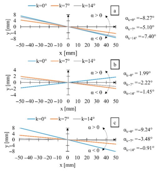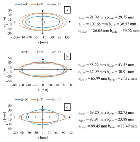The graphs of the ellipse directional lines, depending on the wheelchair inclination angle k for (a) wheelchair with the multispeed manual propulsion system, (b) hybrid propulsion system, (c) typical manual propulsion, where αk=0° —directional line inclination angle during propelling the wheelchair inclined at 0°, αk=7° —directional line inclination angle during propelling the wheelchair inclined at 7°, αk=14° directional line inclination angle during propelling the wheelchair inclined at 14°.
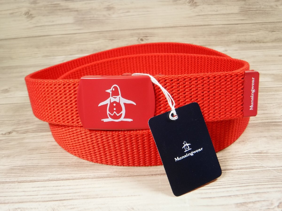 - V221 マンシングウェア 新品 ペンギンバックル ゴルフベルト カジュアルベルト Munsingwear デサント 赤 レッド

==

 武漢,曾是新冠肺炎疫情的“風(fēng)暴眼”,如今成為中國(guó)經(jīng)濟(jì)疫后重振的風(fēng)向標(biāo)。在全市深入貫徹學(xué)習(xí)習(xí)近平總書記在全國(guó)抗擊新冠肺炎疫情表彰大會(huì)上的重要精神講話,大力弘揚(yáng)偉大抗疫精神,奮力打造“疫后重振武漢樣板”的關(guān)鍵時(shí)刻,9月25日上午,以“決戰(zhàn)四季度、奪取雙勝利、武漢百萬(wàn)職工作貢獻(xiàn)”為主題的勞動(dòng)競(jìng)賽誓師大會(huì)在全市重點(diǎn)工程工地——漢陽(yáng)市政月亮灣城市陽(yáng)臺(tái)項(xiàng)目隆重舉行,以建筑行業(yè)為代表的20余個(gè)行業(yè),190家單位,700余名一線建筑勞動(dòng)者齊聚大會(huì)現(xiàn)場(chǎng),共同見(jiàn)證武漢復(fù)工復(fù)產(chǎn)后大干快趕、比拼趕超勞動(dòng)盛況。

• **About this exercise**: From the records above, give again only the part that opens with the line containing "The graphs of" and closes with the line containing "- V221 マンシングウェア". Keep both ends but drop the pictures.

• **Answer box**:
The graphs of the ellipse directional lines, depending on the wheelchair inclination angle k for (a) wheelchair with the multispeed manual propulsion system, (b) hybrid propulsion system, (c) typical manual propulsion, where αk=0° —directional line inclination angle during propelling the wheelchair inclined at 0°, αk=7° —directional line inclination angle during propelling the wheelchair inclined at 7°, αk=14° directional line inclination angle during propelling the wheelchair inclined at 14°.
 - V221 マンシングウェア 新品 ペンギンバックル ゴルフベルト カジュアルベルト Munsingwear デサント 赤 レッド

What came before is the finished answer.